Throbbing, Pulsing Desire

A new Radiolab podcast talks about addiction, particularly focusing on the use of somewhat-newer drugs like baclofen, acamprosate, naltrexone, buprenorphine, others. It’s interesting to hear the words they use.  One guy, after taking baclofen, says “I would try to use cocaine, I couldn’t feel the effects of it“.  Then he says “when I was taking it, I didn’t have no cravings“. Anna Rose Childress, an addiction researcher working with this guy, says “He could get the high again, and the craving went through the ceiling”.  Does this anecdotal evidence (and there are other examples in the podcast) equate euphoria with craving? Mark Willenbring says that when you use a drug like naltrexone “It’s a buzzkill…you don’t get the happy warm feeling”. It seems intuitive that this could alter addiction, but as Dews said in 1977:

“… it was supposed that the prediction of addiction liability was essentially equivalent to prediction of euphorigenic power. As with most self-evident ideas, the mere matter of there being essentially no evidence in favor of it, and much against it, had little effect on its acceptance.”
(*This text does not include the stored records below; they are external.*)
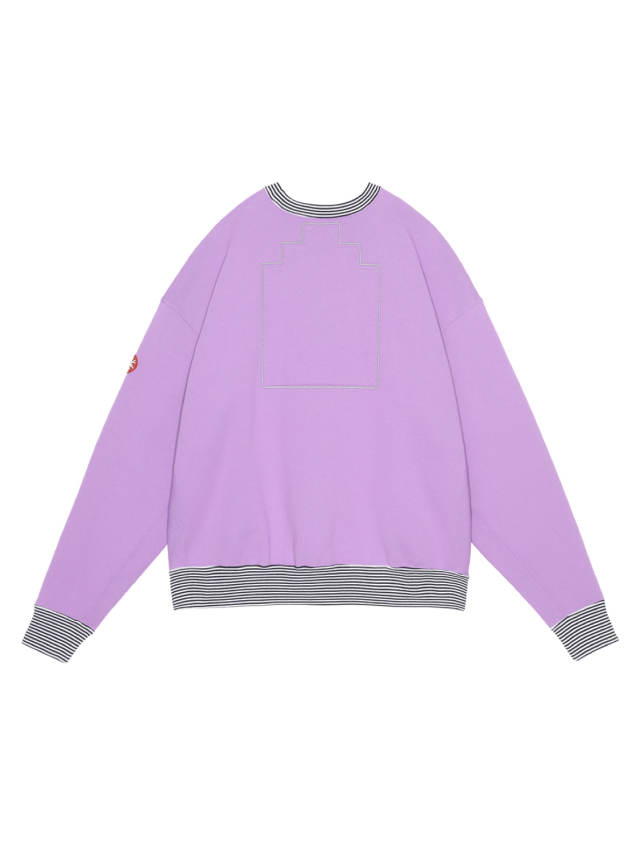 100% cotton. Sweatshirt fabric. Pullover. Crew neck. Set-in sleeves. Fabric patch on back panel lining. Reflective print on back panel exterior. Silicone patch on upper left sleeve. Striped ribbing at collar, cuffs, and hem. Fabric change at underarm and sides. Wide silhouette. Washed finish. Made in Japan.
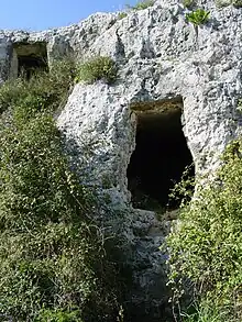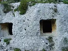 The Necropolis of Pantalica is a collection of cemeteries with rock-cut chamber tombs in southeast Sicily, Italy. Dating from the 13th to the 7th centuries BC, there was thought to be over 5,000 tombs, although the most recent estimate suggests a figure of just under 4,000. They extend around the flanks of a large promontory located at the junction of the Anapo river with its tributary, the Calcinara, about 23 km (14 mi) northwest of Syracuse. Together with the city of Syracuse, Pantalica was listed as a UNESCO World Heritage Site in 2005.
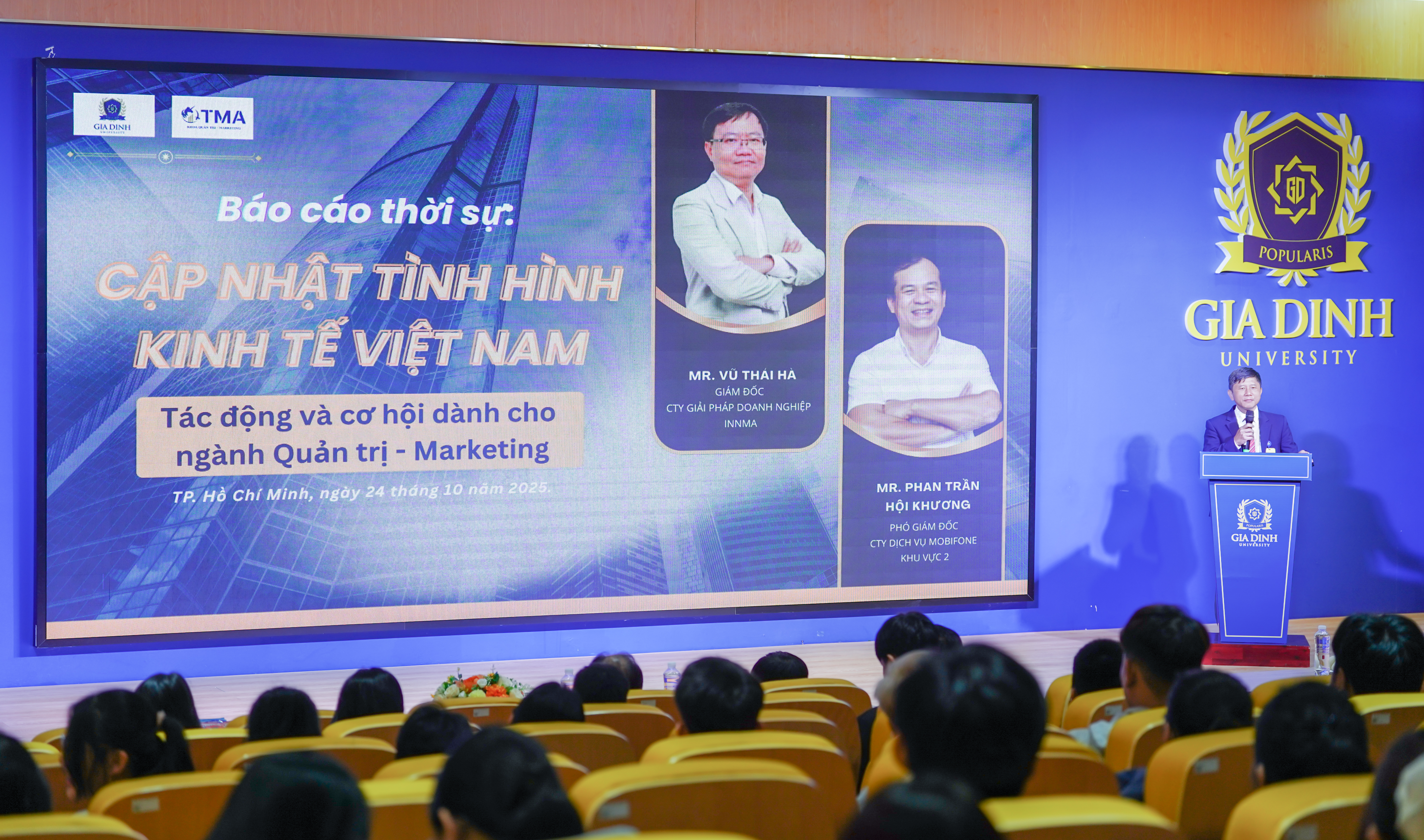 Nhằm giúp sinh viên có thêm góc nhìn thực tế, sáng ngày 24/10/2025, Khoa Quản trị - Marketing, Trường Đại học Gia Định (GDU) đã tổ chức thành công Hội thảo chuyên đề “Báo cáo thời sự: Cập nhật tình hình phát triển kinh tế Việt Nam - Tác động và cơ hội cho ngành Quản trị - Marketing”.

Thanks to Terry Robinson for that quote. But was Dews right? Terry says yes, and in several papers (here’s one) he says that the brain changes, or sensitizes, during drug exposure. Then he says that “the brain systems that are sensitized do not mediate the pleasurable or euphoric effects of drugs (drug “liking”), but instead they mediate a subcomponent of reward we have termed incentive salience (drug “wanting”).” So, while studies show that drugs like naltrexone reduce drug-induced euphoria, craving, and drug intake (particularly alcohol drinking), that doesn’t mean that all these things are related.  It’s more likely that these drugs are non-specific, in that they affect pleasure and “craving” systems through separable biological substrates.  Insert lots of neurobiological studies here. It’s a little confusing because we certainly link the opioid system to pleasure, so of course we want to equate pleasure with drug reinforcement. But opioid receptors are present on pleasure and incentive salience systems in the brain.  So an opioid drug like heroin causes pleasure and leads to craving.  Conversely, naltrexone reduces pleasure and craving, even though pleasure and craving are separable in the brain. Note that the story probably will be pretty different depending on the drug class.

At any rate, we’re going to hear more examples of this, equating euphoria with drug craving, because it’s so easy to think about addiction this way. In terms of treatment, however, we may want to avoid a non-specific drug that affects euphoria, because there may be mood-related consequences. Unfortunately, finding drugs that specifically reduce craving seems to be tricky.